> _Directions_:
Begin the copy at the line containing "No Symbol This" in the data below and end it at the line containing "支教关爱服务团在红锦村小学开", keeping each line exact and leaving out pictures.

> _Data extracts_:

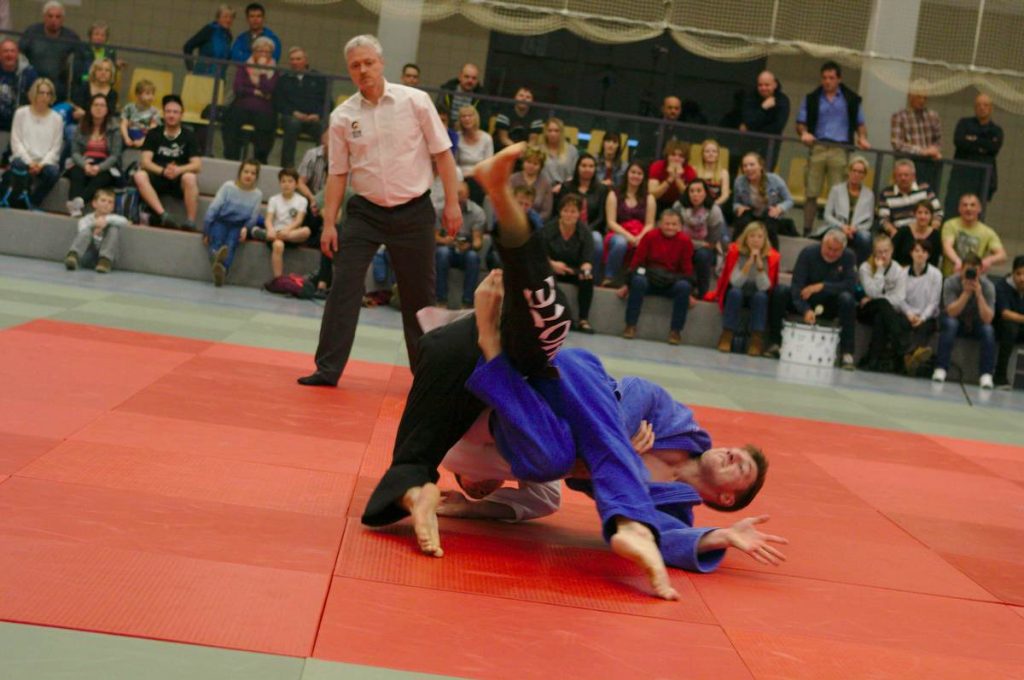 …und wie in Durchgang 1 – die ersten 3 Kämpfe gingen allesamt an den VfL! Paul Mitzlaff ließ erneut nichts anbrennen, gewann klar vorzeitig. -81 sowie -90 kg boten Tom Patzenhauer und Robert Conrad dem Publikum spannende Kämpfe und mussten alles in die Waagschale werfen, um die Punkte 7 und 8 für den vorentscheidenden Riesaer Gesamtsieg zu holen. Wie enorm wichtig dies war, zeigten die Folgekämpfe. Mit einem ausgeglichenen Fight -73 kg, einem fast schon gewonnenen Kampf -66 kg sowie einem aus Riesaer Sicht zu schnellem Ende -60 kg gingen diese drei Duelle alle an die Gastmannschaft. Die letzte Begegnung des Tages (-100) konnte danach Danny Hanke für sich und Riesa entscheiden. Nach den zuvor drei in die Gegenrichtung gekippten Duellen ist dies nie leicht, doch Danny behielt die Ruhe und bewies im Bodenkampf seine Extraklasse – gewann vorzeitig und stellte den letztlich hochverdienten 9:5 Gesamtsieg für die Elbestädter um Coach Th. Münch her.
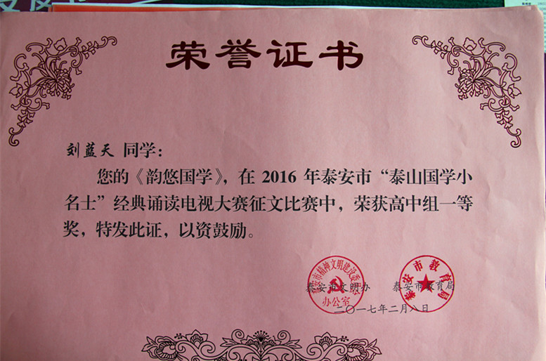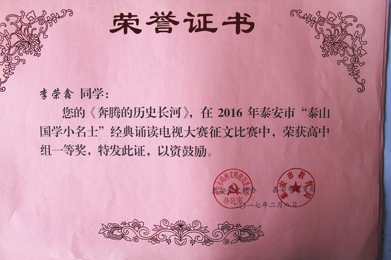 “泰山国学小名士”经典诵读电视大赛征文比赛
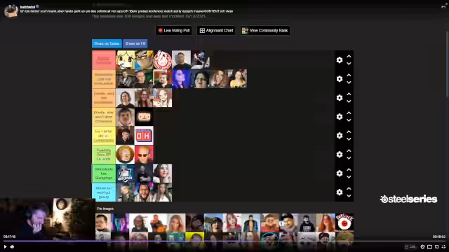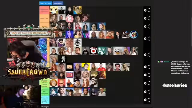 04:52:16Die Diskussion über den Profit für kleinere Streamer durch das Event wird fortgesetzt, wobei Beispiele wie Lord Pappnasa genannt werden. Es folgen konkrete Ranking-Einschätzungen: Holla und Apple Pie als Grinder, Vera als potenzieller Gesangs-Event-Highlight (falls sie Chancen nutzt), und Metashi als kontroverser Kandidat mit schwankender Performance (oft in Startgebieten stuck). Sein Skill-Level wird mit League of Legends verglichen, und er wird in 'Gilden-Carry' eingeordnet. Die Kategorien werden angepasst, etwa die Umbenennung zu 'Grinder wird beißen'. Auch der Unterschied zwischen Molten Core (Endgebiet) und Easy 60 wird klarifiziert.
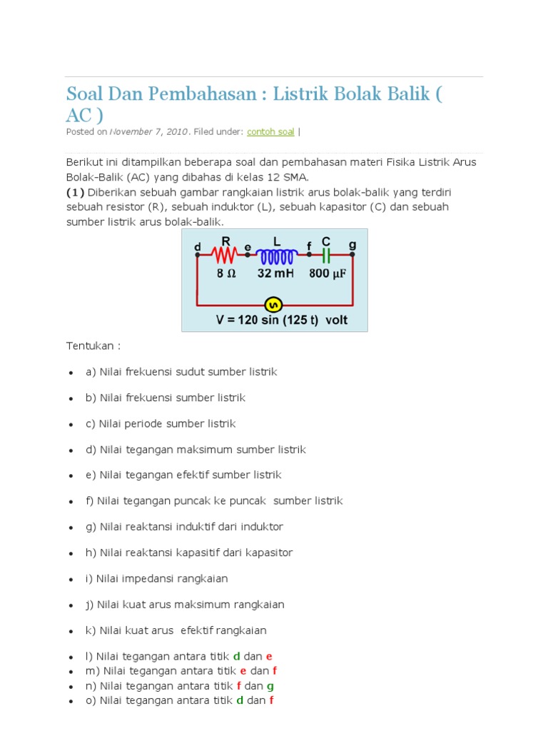 Contoh soal dan pembahasan rangkaian seri rlc kumpulan soal dan pembahasan rangkaian seri rlc. The daily show with trevor noah. Cara pintar cepat pintar fisika rangkaian seri rlc adalah rangkaian elektronika yang tersusun atas resistor induktor dan kapasitor yang dihubungkan secara seri dengan sumber tegangan bolak balik atau tegangan ac. Arus bolak balik dalam dunia kelistrikan banyak digunakan. Dengan istilah lain learning by doing. Soal soal rangkaian arus ac atau mungkin sering disebut soal rangkaian rlc seri memiliki bentuk variasi soal yang sangat beragam.
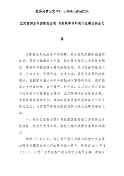【七哥公文】2025年:坚定贯彻总体国家安全观 切实筑牢四川现代化建设安全之基+更多免费公文+VX:QiGeGongWen2024+更多免费公文+VX:QiGeGongWen2024
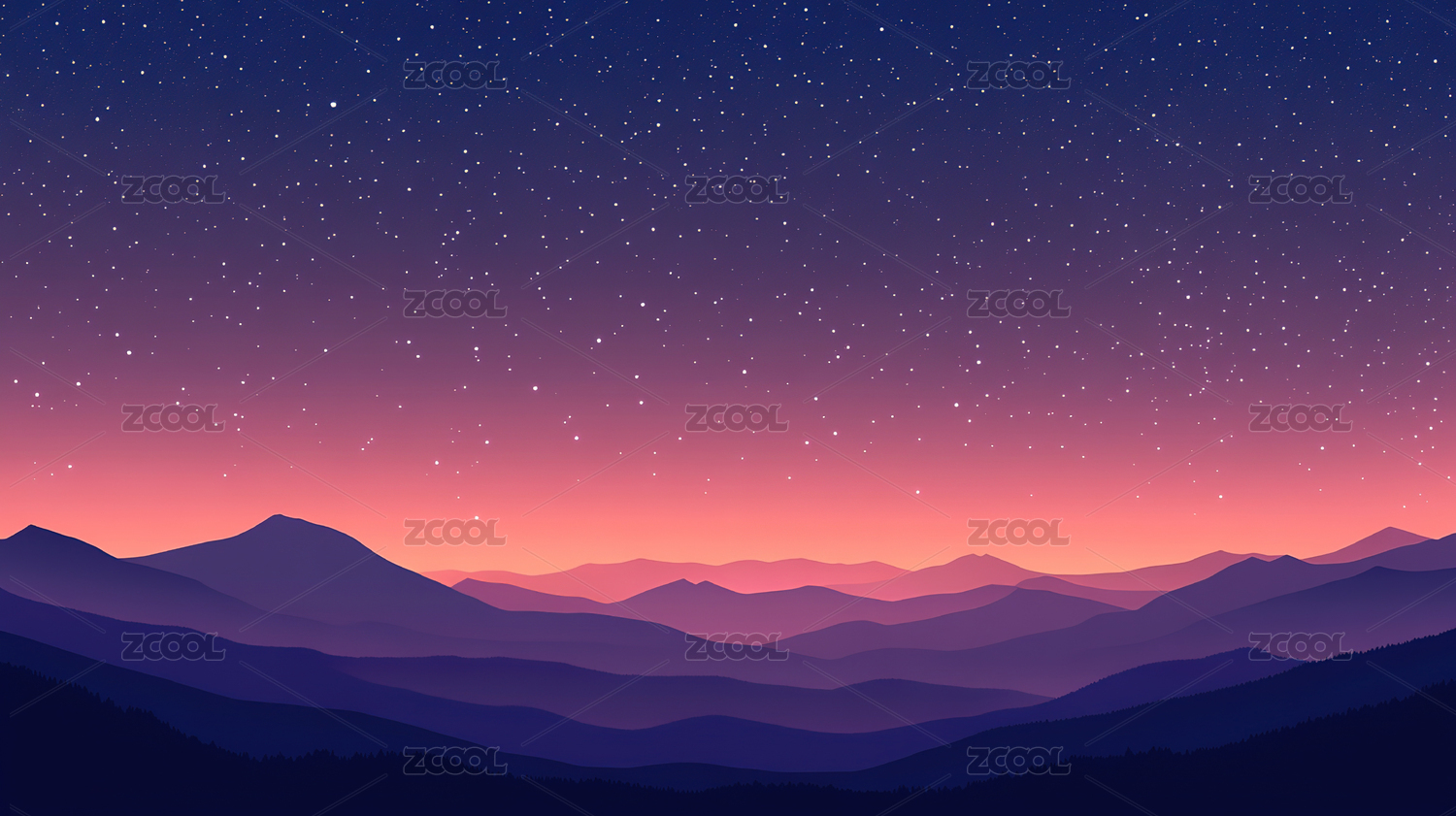 星空下的连绵山峦
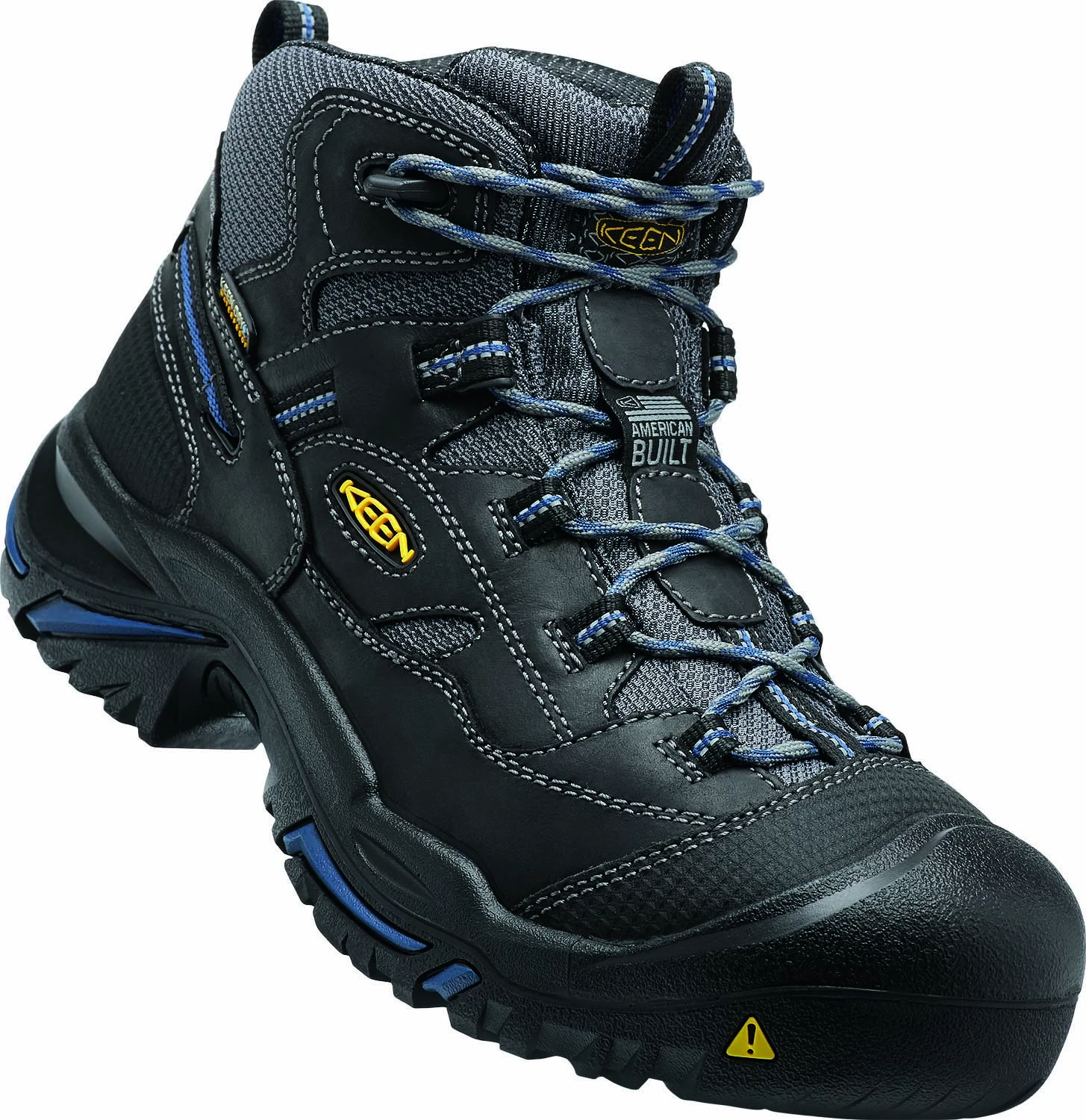 Waterproof nubuck upper leather. Hydrophobic/hydrophilic 2 zone comfort lining with KEEN.Dry waterproof membrane. Removable metatomical, dual density EVA footbed. Direct attached PU mid with KEEN.Protect PU injected toe overlay.TPU stability shank. KEEN.Grip oil and slip resistant rubber outsole. Assembled in USA. WP. ASTM F2892-11 EH compliant. Soft toe. No safety toe cap.
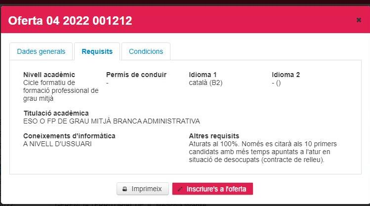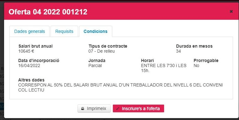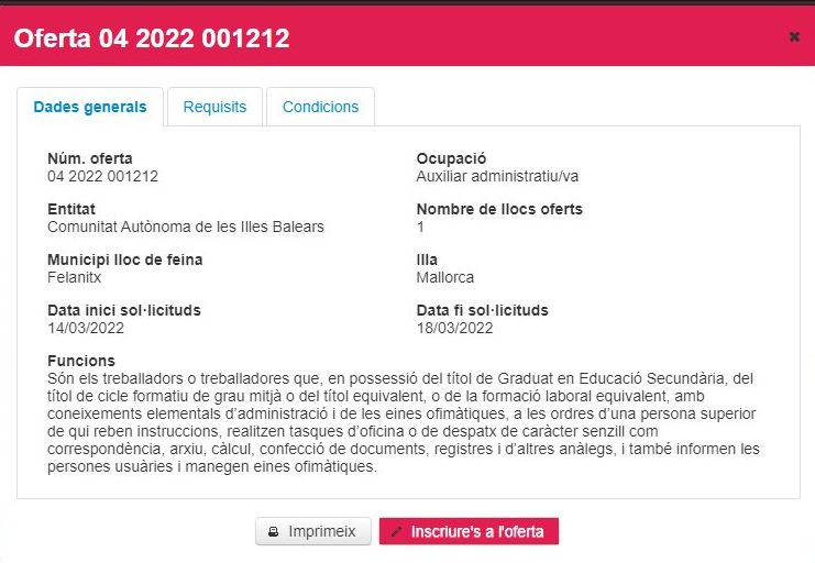Núm. oferta 04 2022 001212 Convocatòria ofertes públiques SOIB
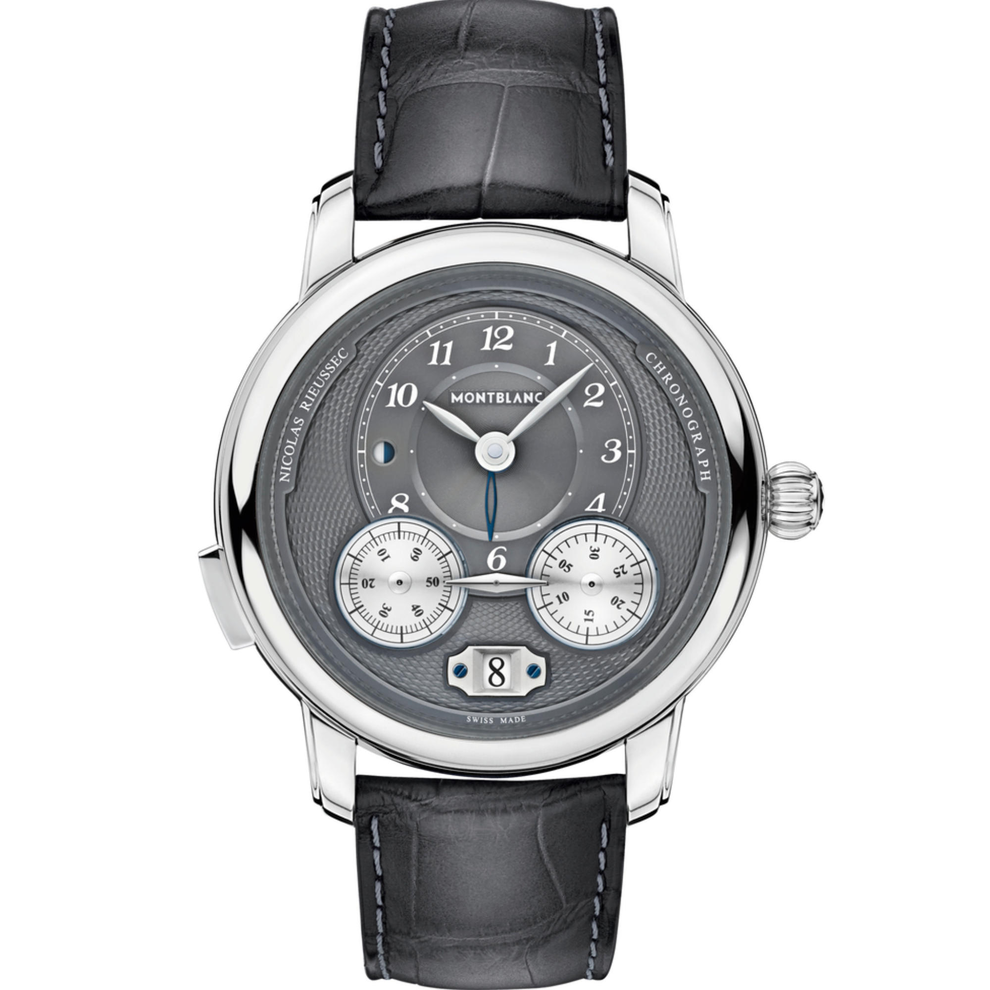 Ref. MB119954 – Nach der Einführung des Star Legacy Nicolas Rieussec Chronographen aus Edelstahl mit silbrig-weißem Zifferblatt im vergangenen Jahr präsentiert Montblanc nunmehr zwei neue Versionen: eine in einer Kombination aus Rotgold und Anthrazit und ein weitere aus Edelstahl mit anthrazitfarbenem Zifferblatt. Beide Uhren sind mit passenden anthrazitfarbenen Sfumato-Alligatorlederarmbändern ausgestattet, die in der Ledermanufaktur der Maison im italienischen Florenz gefertigt werden. – Diese Uhren sind eine Hommage an den französischen Uhrmacher Nicolas Rieussec, der den ersten, 1821 patentierten Tintenchronographen erfand und so die Geschichte der Feinuhrmacherei nachhaltig prägte.
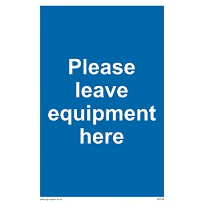 No Symbol This sign is made from vinyl / sticker ‘Air Release†vinyl makes it easy to stick to flat, clean surfaces without bubbles. Not for rough, plastic or dusty surfaces. A6 portrait Sign Text: Please leave equipment here
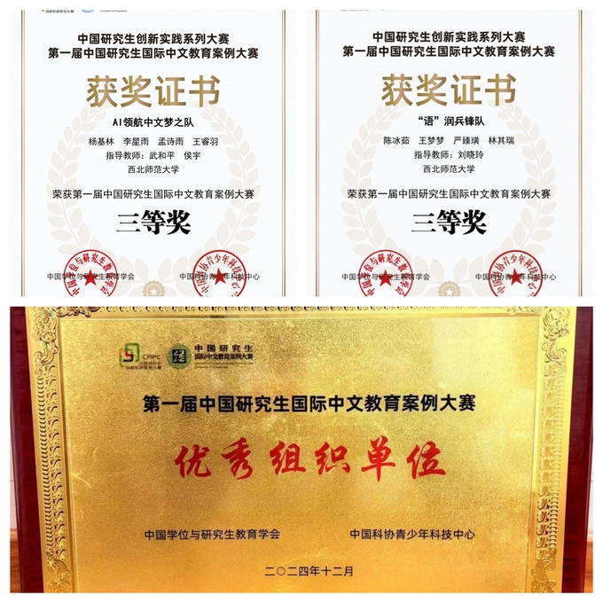 西北师大“AI领航中文梦之队”(指导教师:武和平、侯宇,成员:杨基林、李星雨、孟诗雨、王睿羽)聚焦国际中文教育新技术赛道,凭借AI赋能中文教育的创新创教学法,突破传统教学困境,展现利用新技术提升教学质量的探索精神。“语”润兵锋队(指导教师:刘晓玲,成员:陈冰茹、王梦梦、严臻璜、林其瑞)在新应用赛道发力,通过观摩“中文+”特色课程总结心得,为国际中文教育开拓新研究方向,助力全球文化交流融合。
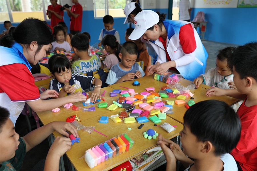 支教关爱服务团在红锦村小学开展手工、音乐、绘画、口才小课堂,发挥所学专业知识技能,把艺术课程带进乡村小学,传授给乡村学生。我校志愿者还对该小学进行了爱心捐赠,为乡村学生送去爱和温暖,展现了新时代大学生助人为乐、奉献爱心、担当作为的良好风貌。
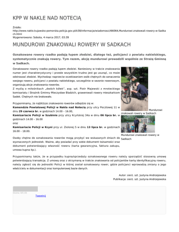 KPP W NAKLE NAD NOTECIĄ Źródło: http://www.naklo.kujawsko-pomorska.policja.gov.pl/k38/informacje/wiadomosci/66064,Mundurowi-znakowali-rowery-w-Sadka ch.html Wygenerowano: Sobota, 4 marca 2017, 03:39 MUNDUROWI ZNAKOWALI ROWERY W SADKACH Oznakowane rowery rzadko padają łupem złodziei, dlatego też, policjanci z powiatu nakielskiego, systematycznie znakują rowery. Tym razem, akcję mundurowi prowadzili wspólnie ze Strażą Gminną w Sadkach. Oznakowane rowery rzadko padają łupem złodziei. Naniesiony w trakcie znakowania numer jest charakterystyczny i przede wszystkim trudno jest go usunąć, co może odstraszać złodziei. Wychodząc naprzeciw oczekiwaniom osób chętnych do oznaczenia swojego roweru, policjanci z powiatu nakielskiego, szczególnie w sezonie rowerowym, organizują akcje znakowania rowerów. Z myślą o miłośnikach „dwóch kółek”, asp. szt. Piotr Majewski z mroteckiego komisariatu i Strażnik Gminny Mieczysław Bladzich, grawerowali rowery mieszkańcom Sadek. Chętnych nie brakowało. Przypominamy, że najbliższe znakowanie rowerów odbędzie się w: Komendzie Powiatowej Policji w Nakla nad Notecią przy ulicy Pocztowej 11 w dniu 29 czerwca br. w godzinach 14.00 – 16.00, Komisariacie Policji w Szubinie przy ulicy Kcyńskiej 34a w dniu 06 lipca br. w Mundurowi znakowali rowery w Sadkach godzinach 14.00 – 16.00 oraz Komisariacie Policji w Kcyni przy ul. Zielonej 5 w dniu 13 lipca br. w godzinach 16.00 – 18.00. Mundurowi znakowali rowery w Osoby chętne do oznakowania rowerów mogą przybyć we wskazanych dniach do Sadkach wyznaczonych jednostek. Ważne, aby posiadać przy sobie dokument tożsamości oraz dokument potwierdzający własność roweru (karta gwarancyjna, faktura zakupu, umowa kupna itp.). Przypominamy także, że w przypadku kupna/sprzedaży oznakowanego roweru należy sporządzić stosowną umowę potwierdzającą transakcję. Z umową oraz z otrzymaną w trakcie znakowania od policjantów kartą identyfikacyjną roweru, należy zgłosić się do jednostki Policji w której został oznakowany rower, gdzie policjanci wprowadzą zmiany o jego właścicielu w dokumentacji oraz komputerowej bazie danych. Autor: sierż. szt. Justyna Andrzejewska Publikacja: sierż. szt. Justyna Andrzejewska Ocena: 0/5 (0) Tweetnij
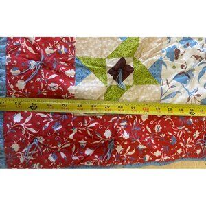 Enhance your home with this vintage-style patchwork quilt, featuring cozy farmhouse tones in red, blue, and green floral patterns. Handmade with care, this tied blanket offers warmth and charm. Perfect for adding a touch of nostalgia to your space.

> _Reply_:
 No Symbol This sign is made from vinyl / sticker ‘Air Release†vinyl makes it easy to stick to flat, clean surfaces without bubbles. Not for rough, plastic or dusty surfaces. A6 portrait Sign Text: Please leave equipment here
 西北师大“AI领航中文梦之队”(指导教师:武和平、侯宇,成员:杨基林、李星雨、孟诗雨、王睿羽)聚焦国际中文教育新技术赛道,凭借AI赋能中文教育的创新创教学法,突破传统教学困境,展现利用新技术提升教学质量的探索精神。“语”润兵锋队(指导教师:刘晓玲,成员:陈冰茹、王梦梦、严臻璜、林其瑞)在新应用赛道发力,通过观摩“中文+”特色课程总结心得,为国际中文教育开拓新研究方向,助力全球文化交流融合。
 支教关爱服务团在红锦村小学开展手工、音乐、绘画、口才小课堂,发挥所学专业知识技能,把艺术课程带进乡村小学,传授给乡村学生。我校志愿者还对该小学进行了爱心捐赠,为乡村学生送去爱和温暖,展现了新时代大学生助人为乐、奉献爱心、担当作为的良好风貌。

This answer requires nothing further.